John,
Excellent news to see movement on env.js and htmlparser.js.
The main problem I found when trying to use the original env.js to
scrape stuff with was the fact that env.js demands the response to be
well-formed valid html. I did originally try to use htmlparser.js to
massage the response but found myself adding on so many kludges that I
resorted to simply shelling out to TagSoup so:
var cleanup = { input: self.responseText, output: '', args: ['-jar',
'/usr/local/java/tagsoup-1.2.jar'] };
var cleanupsoak = runCommand('java', cleanup);
self.responseText = cleanup.output;
<<<
Now that things are moving, I actually bothered to look to see what
htmlparser.js was doing and realised that there were a couple of
problems with the regex dealing with style and script elements.
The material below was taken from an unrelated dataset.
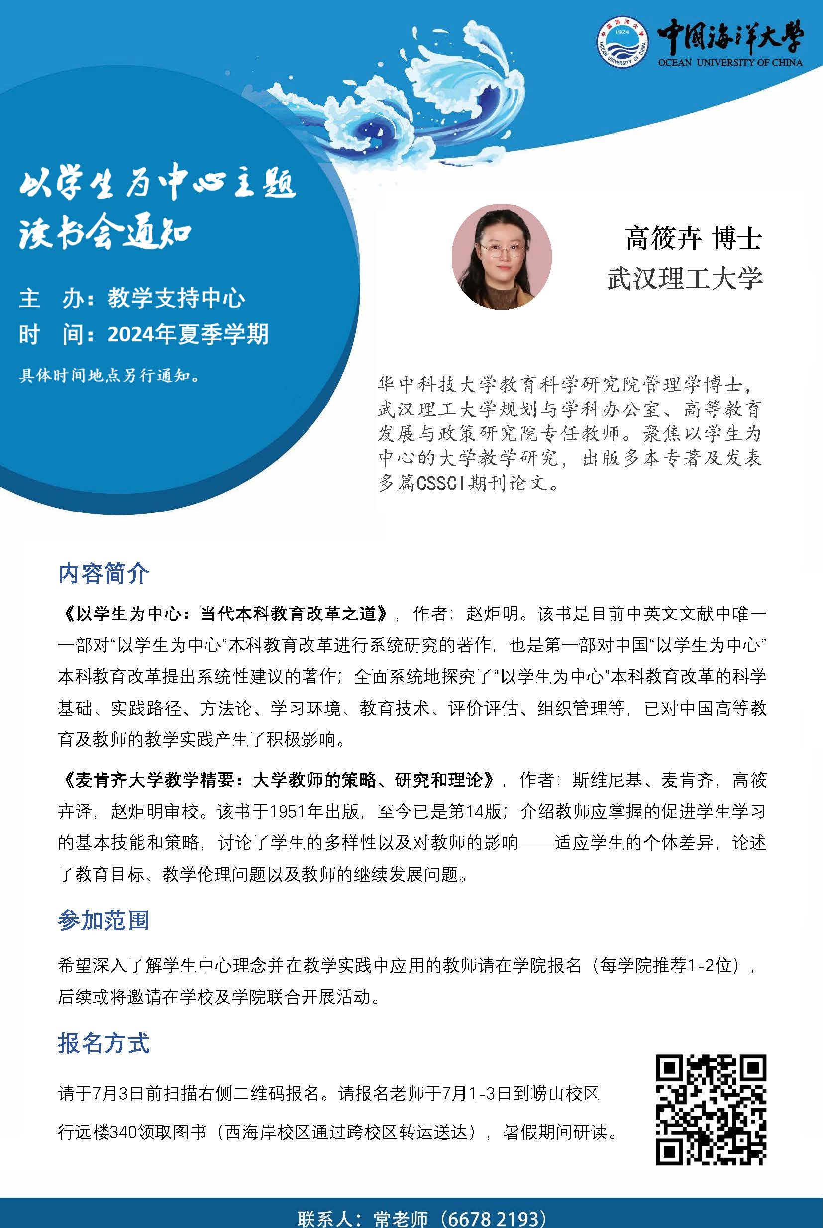 教师发展讲坛2024年第13讲-高筱卉:以学生为中心主题读书会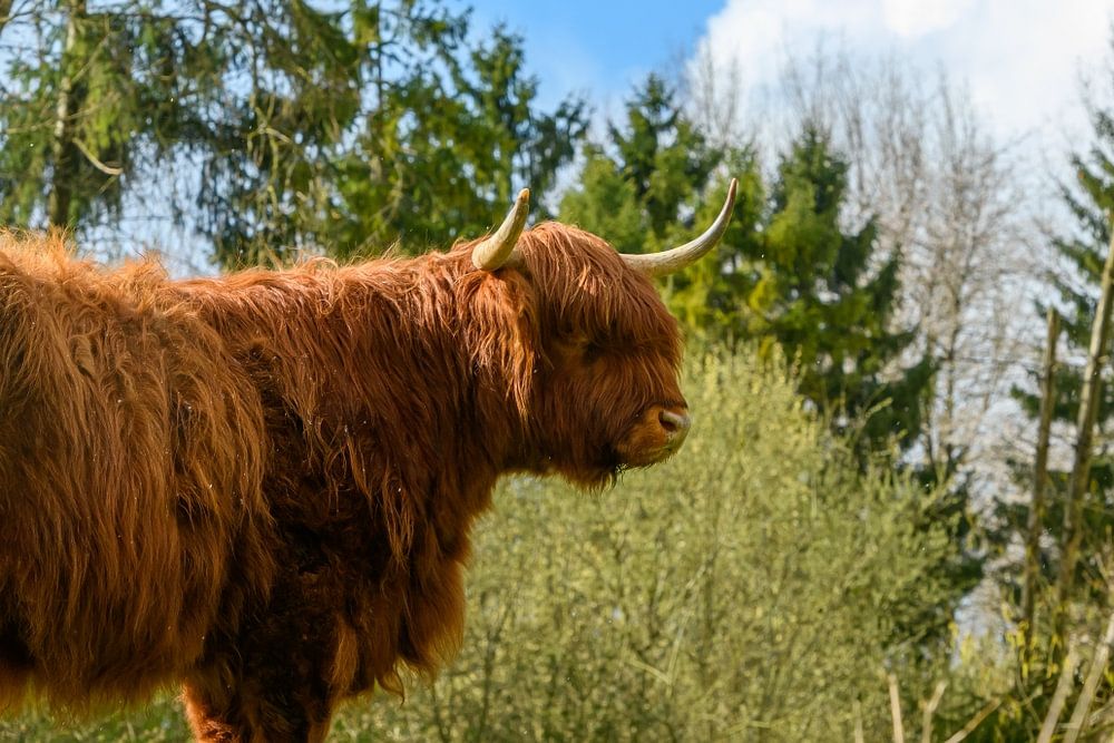 Several Scottish Highlanders graze the Harderbos in Flevoland. The thick fur protects the animal against the weather.

First, the use of .* - that needs to be [\s\S]*.
(see http://blog.stevenlevithan.com/archives/singleline-multiline-confusing
)
Second, the backslash in the regex object to match the closing tag
itself needs to be escaped for it to work.
I've put a patch which fixes these problems here:
http://fu2k.org/alex/javascript/htmlparser/htmlparser.patch.20081012.js
which as far as I can tell is the cause of these reports:
http://ejohn.org/blog/pure-javascript-html-parser/#comment-308850
http://ejohn.org/blog/pure-javascript-html-parser/#comment-310521
The patch also includes a fix for a different problem - namely that
htmlparser.js falls over when presented with a string that contains a
doctype declaration. All I've done is strip the doctype out. I'm sure
that something better can be done than that, but I thought it better
to do that for now, rather than just have things fall over.
The html += ''; is because, well, rhino claims that the doctype regex
is ambiguous sometimes - it seems that it needs an extra nudge to make
sure that it's treated as a javascript string rather than a java
string object.
I've not provided a patch for another problem that I've noted with in
the wild html - script elements within the body element. That's
because, to be honest, I can't totally get my head around how
htmlparser.js works.
Anyhow, fix that and it would be trivial to change env.js like so:
728a729
> var responseText = HTMLtoXML(self.responseText);
732c733
< self.responseText)).getBytes("UTF8")));
---
> responseText)).getBytes("UTF8")));
If you wanted to, that is ;)